Hybrid Modeling for Risk of Failure

Modeling the risk of failure requires both data-driven insights and physics-based predictions. The QA-PINN framework uses a hybrid approach:

Direct Detection: Sensor-derived signals directly reveal known faults.

Indirect Inference: Analytics reveals aging effects that do not manifest through direct measurements.

In cases where physical degradation mechanisms (like thermal creep or fatigue) are not well understood, engineered features derived from domain expertise are embedded into the model. This ensures that even with sparse data, the risk estimation remains grounded in real-world behavior.

The goal is to define the Potential-to-Functional failure interval (P-F)—the window between early fault initiation and system failure. QA-PINNs use probabilistic forecasting to estimate this interval, presenting it as a damage distribution curve. The risk is assessed by evaluating the likelihood of this distribution exceeding failure thresholds, while also considering cascading effects across subsystems.

What is BQPhy’s Quantum-Assisted PINN?

Standard PINNs, while powerful, face challenges related to solution accuracy, increasing parameters and computing resources required. QA-PINNs address these through a hybrid architecture:

• A quantum hidden layer is introduced before classical layers.
• Rotation gate values serve as trainable parameters, enhancing feature extraction.
• The model retains high accuracy with fewer trainable parameters and faster training time.

Additionally, QA-PINNs adopt techniques from numerical methods, replacing traditional gradient-based training with differential operator approximations. This boosts convergence while aligning with the physical modeling approaches used in aerospace and defense engineering.

Enhanced Readiness Through Quantum-Driven Intelligence

Incorporating Quantum-Assisted PINNs into predictive maintenance systems for AFVs marks a pivotal step forward.
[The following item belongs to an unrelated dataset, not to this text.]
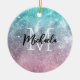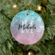 Aqua blue Pink ombre sea galaxy abstract Monogram Ceramic Tree Decoration

These models combine the strengths of physics-informed learning, domain knowledge, and quantum computing to deliver:

> Improved accuracy in predicting both mechanical and electronic failures.

> Early fault detection, even with limited data.

> Faster training for real-time deployment in operational environments.

> Reduced downtime and optimized maintenance schedules.

As defense systems grow more complex, QA-PINNs offer a scalable, intelligent, and mission-ready solution—setting a new standard for reliability and performance in military asset management.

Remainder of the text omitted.